You guys are just jealous. I just hope he named them 11 and 12 so he can remember their names the next time he's asked on camera. Tall order, I get that.




Jeff Jesser -> RE: Around the NFL (News) - 2013 Season (5/9/2016 8:42:24 PM)

I wonder what this will do to AP so he can regain his "kid title" for the NFL. That guy is super driven. It may get interesting.




SoMnFan -> RE: Around the NFL (News) - 2013 Season (5/9/2016 8:43:40 PM)

[&:][&:][&:][&:]




SoMnFan -> RE: Around the NFL (News) - 2013 Season (5/9/2016 8:45:55 PM)

Think about our kids Jeff, (ya know, our 1, or 2, maybe that we have ...)
It'll be fun for them to see those kids come into the league in a couple decades ... it'll be fun seeing how many can get on one roster. Or against each other.
They'll be 25% of the league.




David Levine -> RE: Around the NFL (News) - 2013 Season (5/9/2016 9:11:04 PM)

quote:

ORIGINAL: SoMnFan

quote:

ORIGINAL: David Levine

Adam SchefterVerified @AdamSchefter
Antonio Cromartie welcomed twins on Sunday, his 11th and 12 children...

There's this thing they do to horny dogs ....


"Cromatie’s wife, Terricka, gave birth to a boy — Jynx Revell-Antonio — and a girl — J’adore Nayvi — on Mother’s Day. The twins are Cromartie’s 11th and 12 children with the eighth different woman, and they were conceived despite Cromartie undergoing a vasectomy ."




SoMnFan -> RE: Around the NFL (News) - 2013 Season (5/9/2016 9:14:37 PM)

Well, its just bad luck then
My bad ... [&:]




thebigo -> RE: Around the NFL (News) - 2013 Season (5/9/2016 10:11:22 PM)

quote:

ORIGINAL: David Levine

quote:

ORIGINAL: SoMnFan

quote:

ORIGINAL: David Levine

Adam SchefterVerified @AdamSchefter
Antonio Cromartie welcomed twins on Sunday, his 11th and 12 children...

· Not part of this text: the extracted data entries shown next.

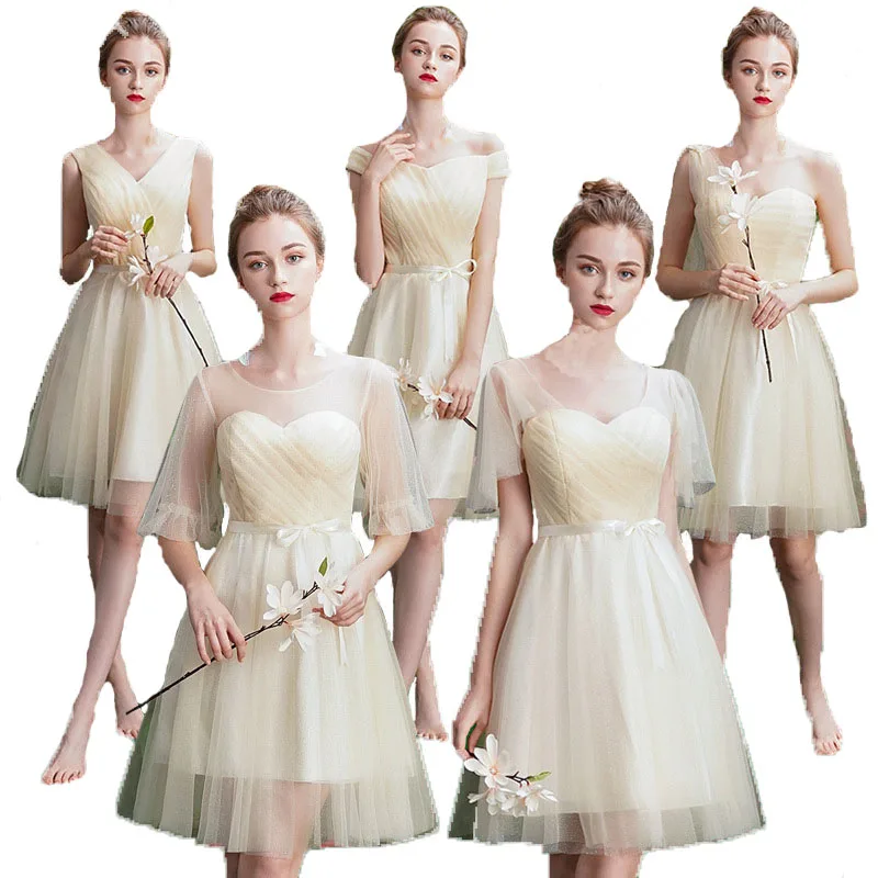 Champagne Robe De Demoiselle D Honneur Courte Mince Junior Robes De Demoiselle D Honneur Robe Elegante Femmes Pour La Fete De Mariage Vestido De Fiesta De Boda Aliexpress
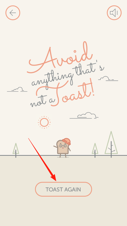 3、游戏结束后,看到TOAST AGAIN按钮,要是想再玩一轮就点这个按钮,重新开始挑战继续尝试避开非吐司的东西,争取更好表现。
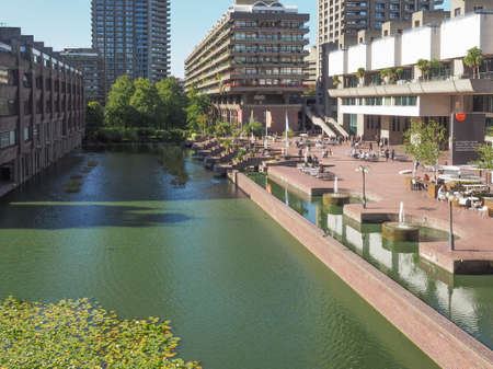 LONDON, UK - JULY 6, 2016: Barbican Estate in the City of London. The brutalist style residential estate was built in 1960s and '70s.
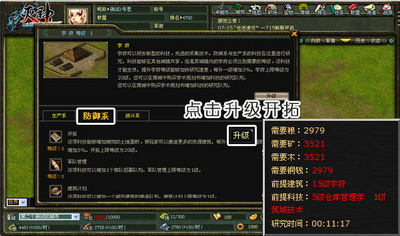 进入学府防御系页面,点击升级开拓,可以提升一定土地.

There's this thing they do to horny dogs ....


"Cromatie’s wife, Terricka, gave birth to a boy — Jynx Revell-Antonio — and a girl — J’adore Nayvi — on Mother’s Day. The twins are Cromartie’s 11th and 12 children with the eighth different woman, and they were conceived despite Cromartie undergoing a vasectomy ."


Hopefully he gets a quantity child support discount.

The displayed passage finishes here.